Work to be completed: What's wanted here is the full listing below, repeated exactly, with no images in it.

Information supplied:

:::::

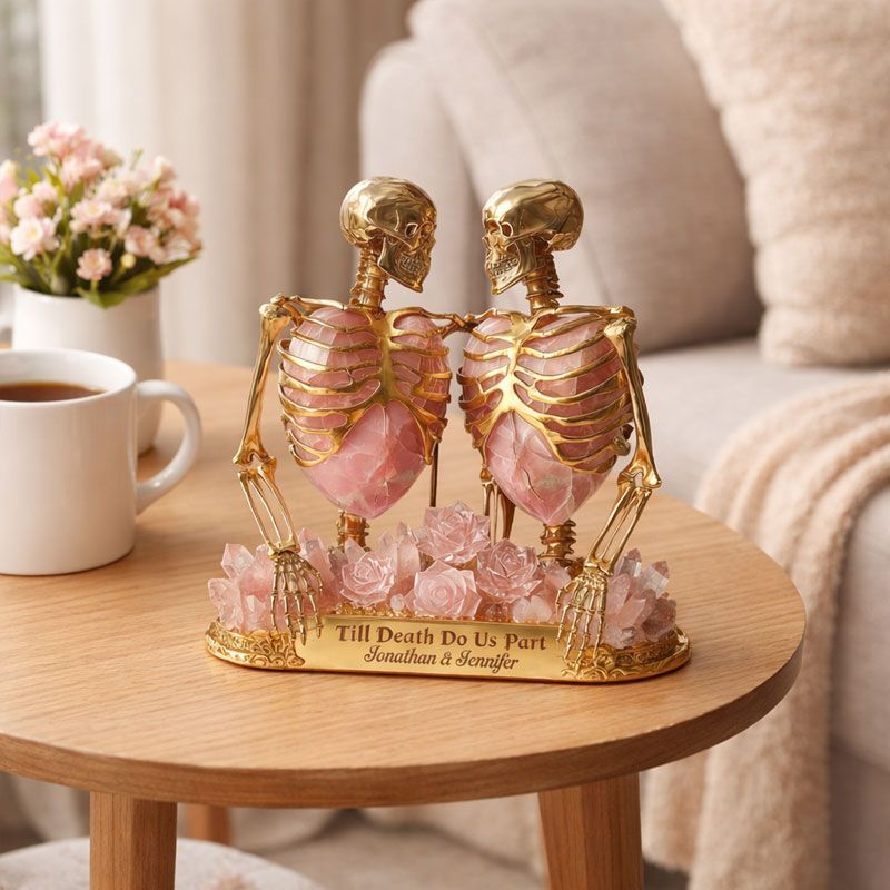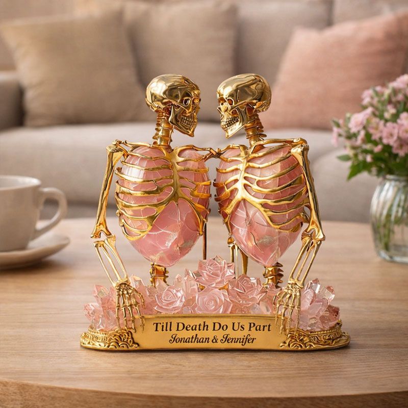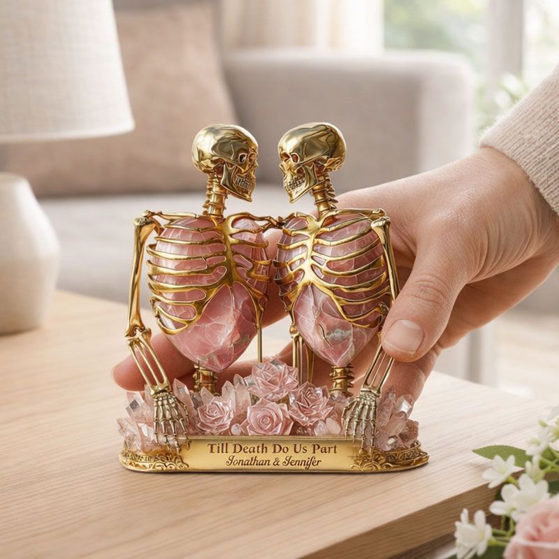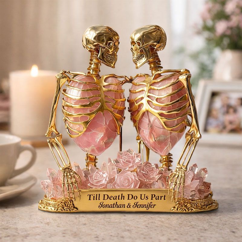 Personalizzato Till Death Do Us Part Placca acrilica | Nome personalizzato Skeleton Coppia Rose Quarzo Keepsake
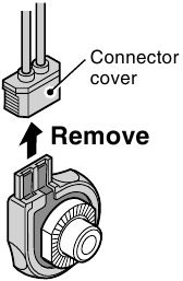 - Ao remover a roda da bicicleta, primeiro remova a tampa do conector. Se os cabos forem puxados com força, isso pode quebrar os fios do cabo ou causar contatos ruins. Além disso, ao instalar a roda, primeiro prenda a roda nos garfos dianteiros e, em seguida, conecte a tampa do conector.
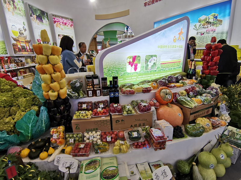 图为:农高会期间各地展团展出的部分农产品。

:::::

Exercise response:
 Personalizzato Till Death Do Us Part Placca acrilica | Nome personalizzato Skeleton Coppia Rose Quarzo Keepsake
 - Ao remover a roda da bicicleta, primeiro remova a tampa do conector. Se os cabos forem puxados com força, isso pode quebrar os fios do cabo ou causar contatos ruins. Além disso, ao instalar a roda, primeiro prenda a roda nos garfos dianteiros e, em seguida, conecte a tampa do conector.
 图为:农高会期间各地展团展出的部分农产品。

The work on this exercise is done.